Fabirc Painting with Tsukenieko Inks

Since I seem to be spending my time during this heat wave finishing up a knitting project (because I can sit in front of the air conditioner and knit, rather than be in my hot sewing room), I thought I'd post a retrospective about some work I did a few years ago.

Back in 2006, I religiously watched Simply Quilts when it was aired on the HGTV network. One episode featured Lura Schwarz Smith and her quilt Seams Like Degas. She demonstrated the technique she used to make the faces in that quilt, using Tsukenieko inks. I was very excited about these techniques; I was thinking about using them for my mother's portrait quilt, so I went out and purchased a whole bunch of the inks and supplemental tools (pens, stand, "ready to dye" fabric, etc.).

In order to learn how to use the inks, I gave myself a small project: to create a series of wall hangings representing the 5 "esoteric" elements of air, earth, water, fire and spirit. For the first four elements (air, earth, water, fire) I wanted to use animal representations. I was also thinking that I would do a few series of these, so for my first batch, I chose animals from the class Mammalia: a bat for air, a stag for earth, a lion for fire, and a sea otter for water.





I started with a rough pencil sketch on newsprint, and placed the newsprint and a piece of dyer's cloth on a clear plastic clipboard, which acted like a light box.
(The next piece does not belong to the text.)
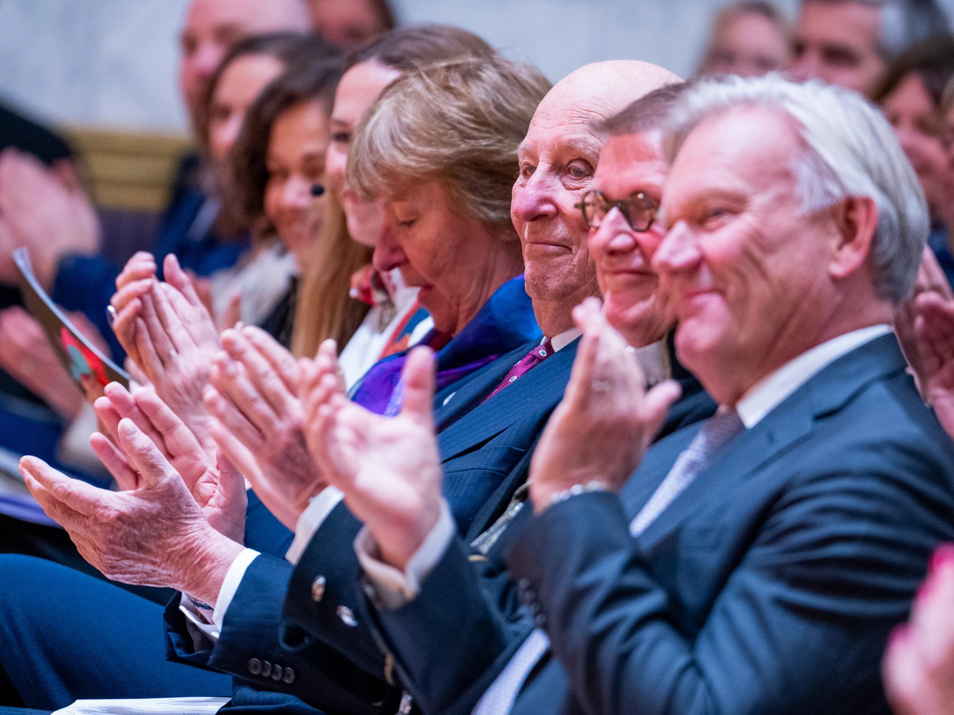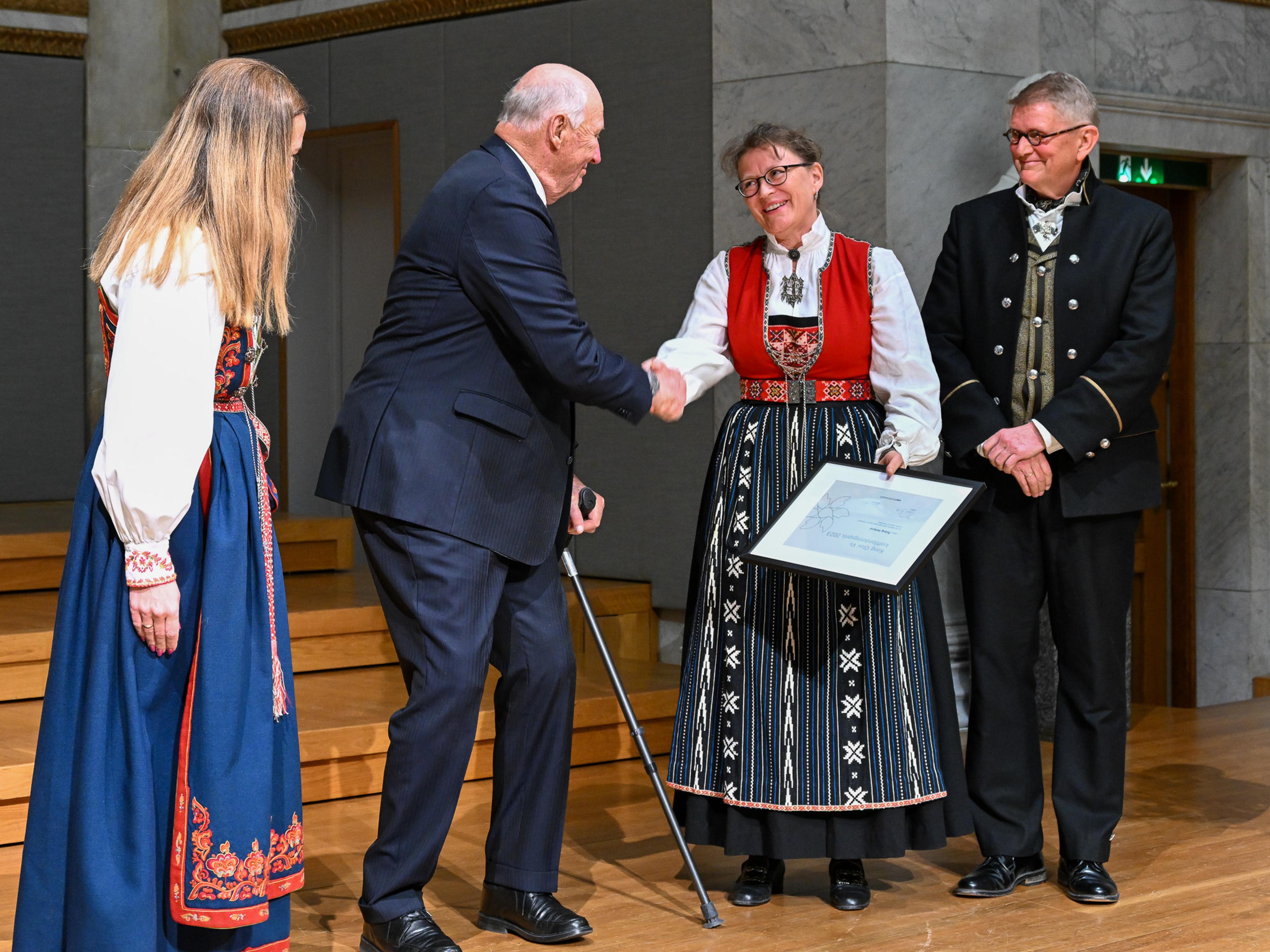 Kong Harald delte ut prisen under en høytidelig seremoni i Universitetets fullsatte aula i Oslo. Helseminister Ingvill Kjerkol og ordfører Marianne Borgen var også til stede.

I traced the sketch using black ink and a fine-tip pen onto the fabric, took it from the clipboard, and heat set the outline.

Then, using a spray bottle, I soaked the fabric. Then I applied the background colors, being careful not to get too much ink in the area where the animal was going to be. To get the hand-dyed fabric effect, the ink is applied in random spots and then you crumple the wet fabric into a ball. When you open it up, the ink has spread all over the fabric. If you need to remove some ink from an area, you can rinse it or soak it out. Once you have your background the way you want it, heat-set the ink again.

NOTE: if you don't put paper or a pillowcase or other fabric under the piece you are working on when you iron, you will stain your ironing surface. (I discovered that the hard way).

Then I colored in the foreground figure. For the stag wall hanging, I decided that a crescent moon would add a lot to the image. I decided this after I had made the background. Luckily, the white ink is opaque, and a few layers of it covered the green pretty well. The final image is then heat set.

For these pieces, I simply added 2 fabric frames around the inked fabric, and quilted and bound them like I would have any other quilt (as you can see, my binding techniques weren't quite up to "show standards"). One additional thing I did on the Lion quilt is that I used thread painting to do the mane.

All of these mini quilts were made using my trusty old Singer. I didn't have a darning foot, so all the quilting was done "bare needle" - which I know you're not supposed to do as it's pretty dangerous. I didn't stab myself on these, but I did on another quilt, which prompted me to finally get my Viking.



1 comment:

  1. Very nice work, and the comment about putting something under your work is so true, you earned your quilting strips, we'll all done it. Welcome and thanks for sharing.